Thus, when key 34 is moved out to engage in profile 12, the key
cannot pass out of the profile in a direction where shoulder 34a
must move past wall 12a. Through the "no-go" engagement of key 34
in profile 12, a force can be generated in tool 18. For example,
when key 34 is engaged in profile 12 and shoulder 34a is set
against stop wall 12a, force can be applied through tool 18 to
liner 2 and continued force in the same direction can be generated,
for example, to drive operation of tool 18.
[0034] In the illustrated embodiment, wall 12a and shoulder 34a are
formed to stop key 34 from moving downwardly through profile 12. In
particular, wall 12a faces uphole toward surface and shoulder 34a
faces down toward the lower end of the tool. Thus, engagement of
key 34 in profile permits the generation of compressive force in
the tool, as by pushing down on the tool relative to the profile,
which may include applying a pushing force through string 16 or
simply by slacking off the string supports to place the weight of
the tool 18 and manipulation string 16 onto key 34, as it is
engaged against wall 12a.
[0035] While wall 12a and shoulder 34a are formed to stop key 34
from moving downwardly through profile 12, the other ends of the
key/profile are formed to permit key 34 to be pulled up out of
engagement with profile 12. For example, keys can have an upwardly
facing chamfered end to facilitate movement of the key upwardly out
of profile 12. As will be appreciated then, when key 34 is
activated, the illustrated tool 18 can move in one direction (i.e.
upwardly) through profiles 12, but not in the other direction (i.e.

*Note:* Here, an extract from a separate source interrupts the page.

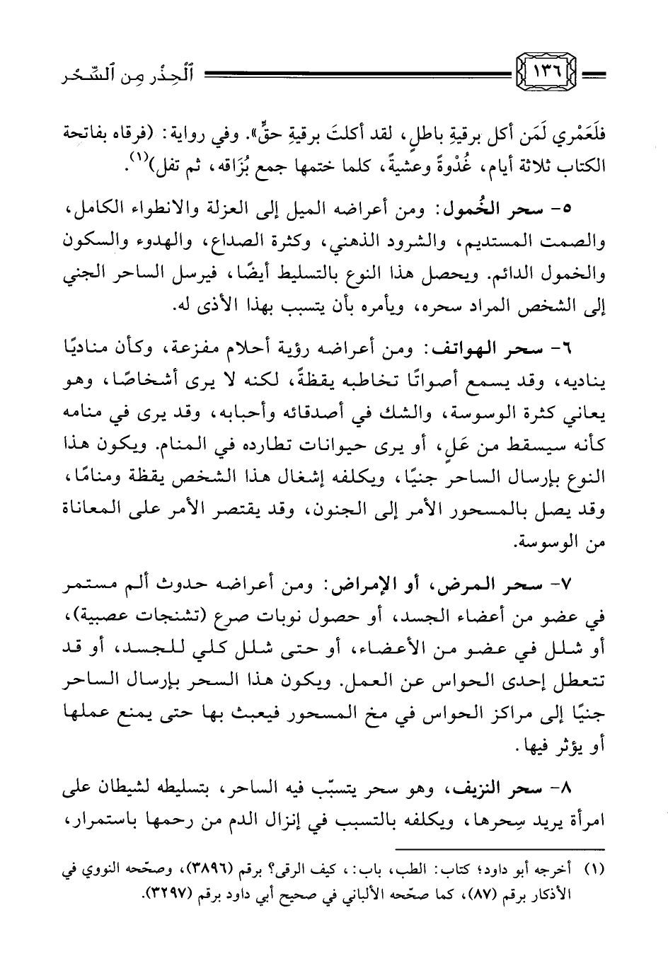 9- سحر تعطيل الزواج، ومن أعراضه صداع بين الحين والآخر، وضيق شديد في الصدر، ورؤية كل خاطب بمنظر قبيح، مع كثرة الشرود الذهني، والقلق في أثناء النوم، وقد يصاحب ذلك ألم دائم في المعدة أو في فقرات الظهر، وسبيله أن يوكل الساحر جنيًا بحجز فتاة عن الزواج، فيلازمها، فيؤثر فيها بحيث تنفر من كل زوج يتقدم لخطبتها، أو يلقي في القوة المتخيِّلة عند الخاطب صورة قبيحة لتلك الفتاة فلا يرغب بخطبتها، وقد يخيل ذلك للفتاة أيضًا فترى كل خاطب لها بصورة قبيحة. ولو فرض أن تقدم لها خاطب فإنه سرعان ما يتراجع عن ذلك بفعل وسوسة ذلك الجني له. وفي حالات سحر التعطيل تجد الرجل الخاطب يشعر بضيق شديد إذا ما تخطى عتبة دار المخطوبة، وكأنه في سجن يتطلع بشوق للخروج منه.

downwardly) through the profiles.
[0036] The outer face of key 34 may be substantially smooth such
that the key can ride readily along the inner wall. Key 34 may be
devoid of surface roughening and is devoid, for example, of teeth.
Thus, key 34 does not act as a slip or drag block. However, key 34,
when activated, readily expands out into a locator profile and
cannot move downwardly past the stop wall of the locator profile so
that compressive force can be established in the tool.
[0037] The engagement of key 34 in a profile 12 serves both for
precise locating of the tool relative to a port and compressive
operation of the tool.
[0038] Since liner 2 may contain more than one locator profile 12
and all profiles 12 are formed to accept engagement therein of
no-go key 34 on tool 18, key 34 may have (i) an inactive condition
where it is retained from engagement with profiles 12 and (ii) an
active condition where key 34 can engage in locator profiles 12.
The above-noted provision of an inactive condition for key 34
permits free movement of the illustrated tool 12 in both directions
past the profiles, when desired.
[0039] The activation of key 34 from the inactive condition to the
active condition can be by various means. In the illustrated
embodiment, this activation of key 34 from inactive to active is
achieved by a mechanical system or hydraulics. A mechanically
activated system for the no-gos, could involve a continuous j-slot
and jay pin. After locating in the marker joint, the tubing could
be reciprocated navigating the jay pin through the j-slot.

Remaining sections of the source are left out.